_Exercise directions_. Work through the listing below and give again exactly the lines from the one with "Smooth finish to" to the one with "Celebrate your graduate’s", both ends included. All other lines and all pictures stay out.

_Material to process_.
================================

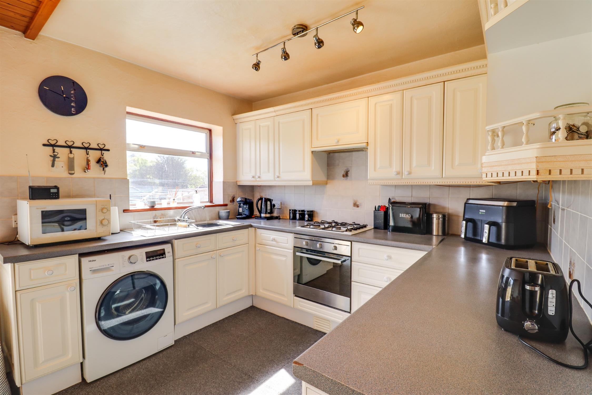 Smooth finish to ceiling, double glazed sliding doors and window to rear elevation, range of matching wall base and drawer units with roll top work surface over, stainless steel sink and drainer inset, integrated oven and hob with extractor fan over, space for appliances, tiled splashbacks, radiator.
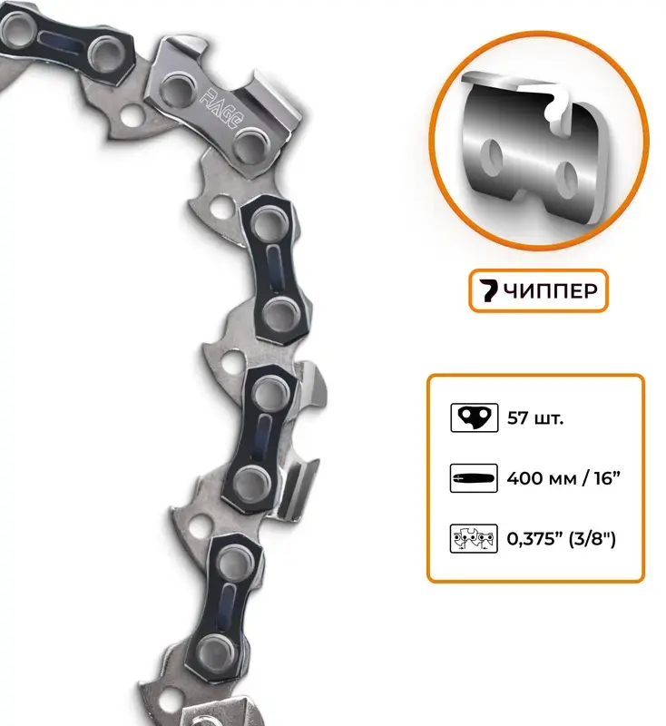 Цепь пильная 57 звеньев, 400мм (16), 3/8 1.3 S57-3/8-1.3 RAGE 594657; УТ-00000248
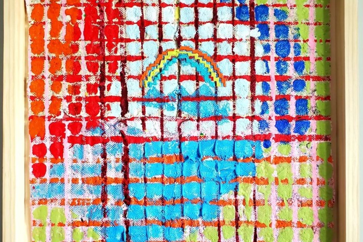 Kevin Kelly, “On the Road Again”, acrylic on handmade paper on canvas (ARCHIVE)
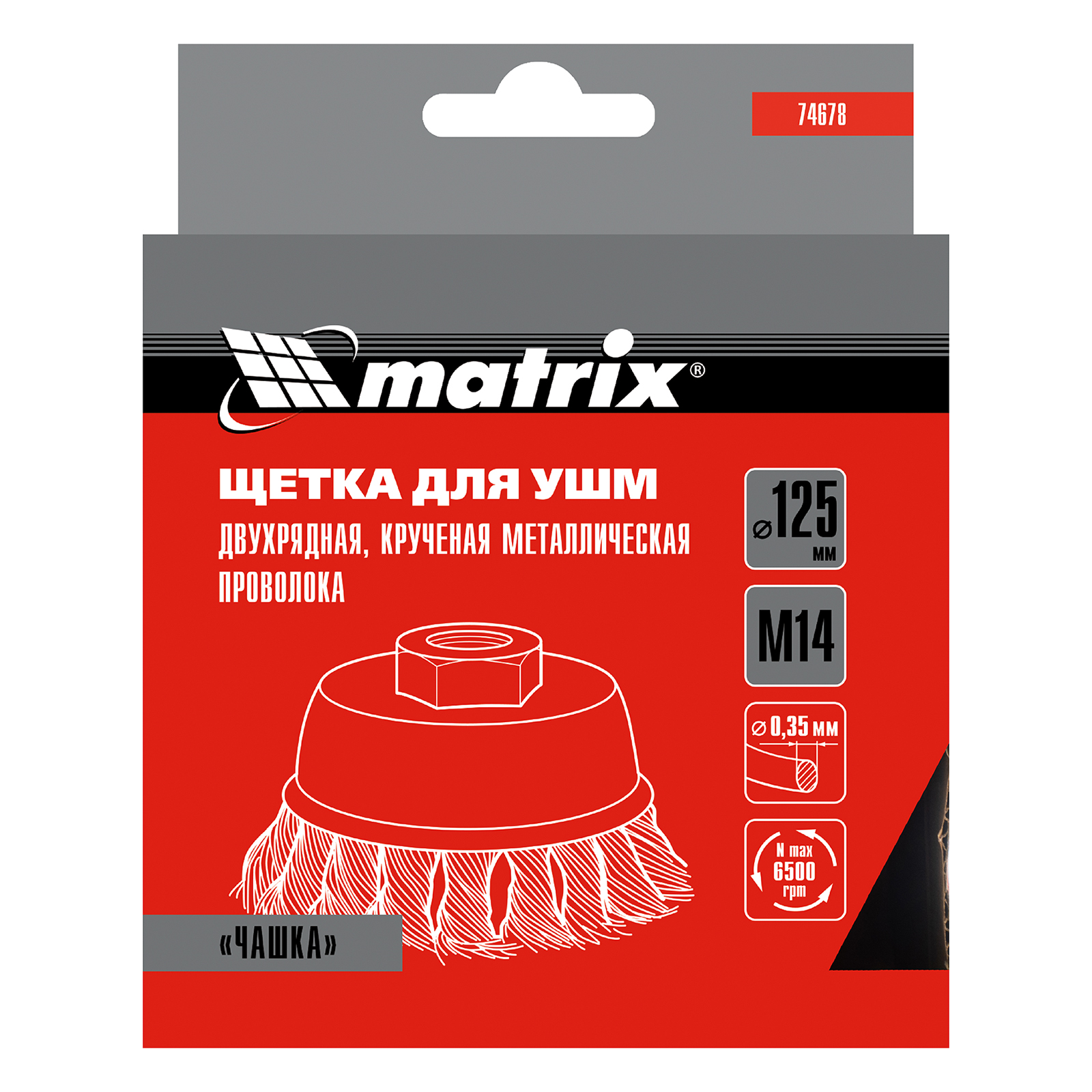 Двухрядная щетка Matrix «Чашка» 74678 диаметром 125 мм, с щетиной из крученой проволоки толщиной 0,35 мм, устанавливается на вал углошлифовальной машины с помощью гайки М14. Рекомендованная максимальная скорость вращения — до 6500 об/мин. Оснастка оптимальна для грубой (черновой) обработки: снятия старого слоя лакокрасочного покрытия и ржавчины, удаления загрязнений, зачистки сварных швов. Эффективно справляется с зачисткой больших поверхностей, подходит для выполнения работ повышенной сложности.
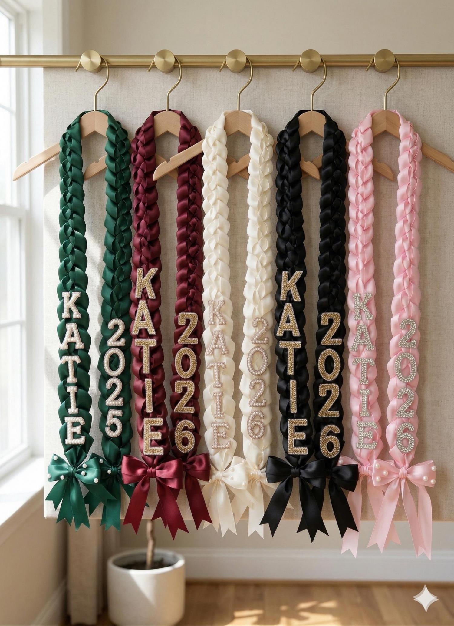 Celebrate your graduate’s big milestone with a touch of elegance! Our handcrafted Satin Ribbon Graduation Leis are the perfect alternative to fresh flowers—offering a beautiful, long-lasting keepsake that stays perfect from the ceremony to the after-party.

================================

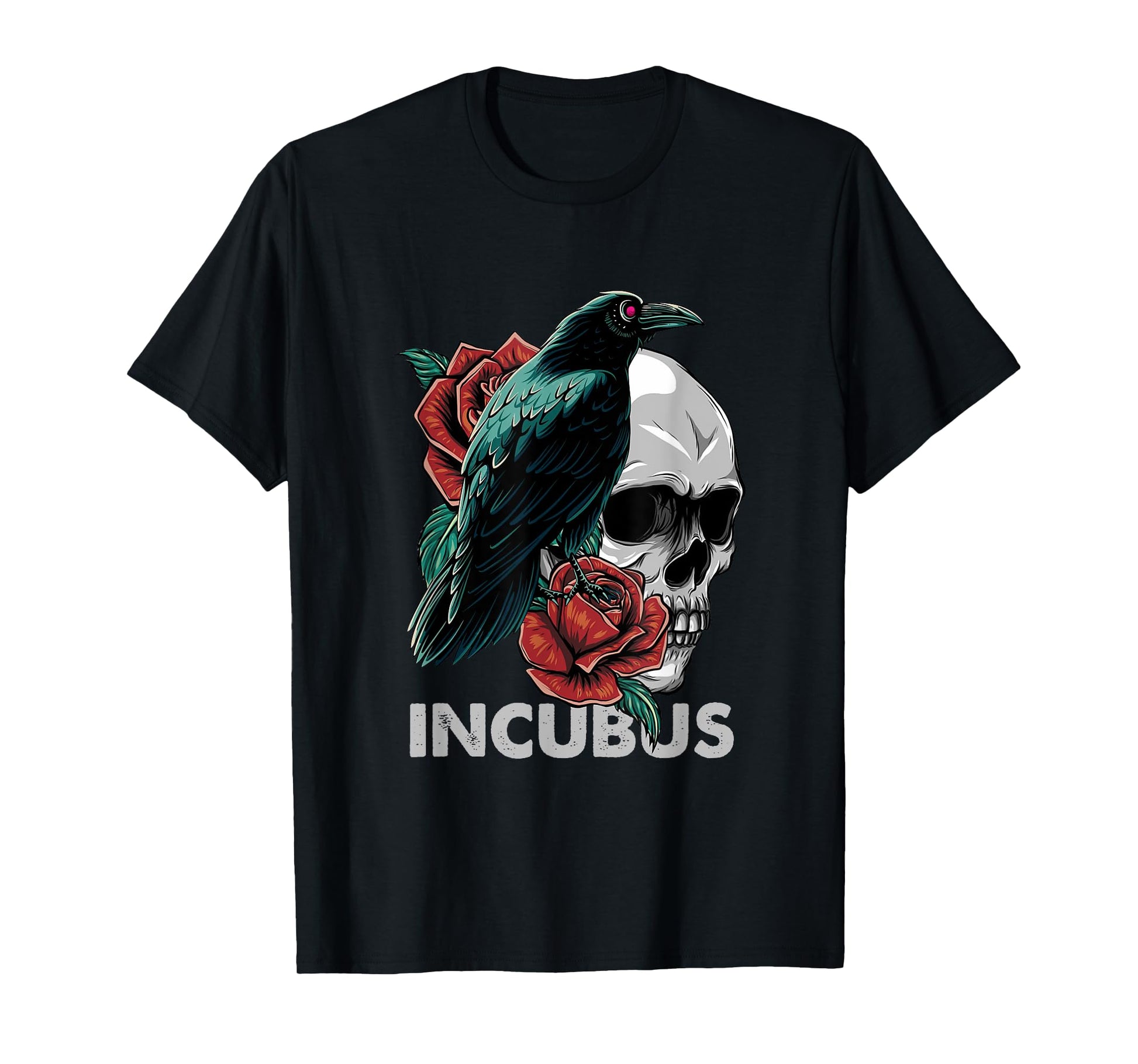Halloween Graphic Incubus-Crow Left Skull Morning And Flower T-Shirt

================================

_Result_.
 Smooth finish to ceiling, double glazed sliding doors and window to rear elevation, range of matching wall base and drawer units with roll top work surface over, stainless steel sink and drainer inset, integrated oven and hob with extractor fan over, space for appliances, tiled splashbacks, radiator.
 Цепь пильная 57 звеньев, 400мм (16), 3/8 1.3 S57-3/8-1.3 RAGE 594657; УТ-00000248
 Kevin Kelly, “On the Road Again”, acrylic on handmade paper on canvas (ARCHIVE)
 Двухрядная щетка Matrix «Чашка» 74678 диаметром 125 мм, с щетиной из крученой проволоки толщиной 0,35 мм, устанавливается на вал углошлифовальной машины с помощью гайки М14. Рекомендованная максимальная скорость вращения — до 6500 об/мин. Оснастка оптимальна для грубой (черновой) обработки: снятия старого слоя лакокрасочного покрытия и ржавчины, удаления загрязнений, зачистки сварных швов. Эффективно справляется с зачисткой больших поверхностей, подходит для выполнения работ повышенной сложности.
 Celebrate your graduate’s big milestone with a touch of elegance! Our handcrafted Satin Ribbon Graduation Leis are the perfect alternative to fresh flowers—offering a beautiful, long-lasting keepsake that stays perfect from the ceremony to the after-party.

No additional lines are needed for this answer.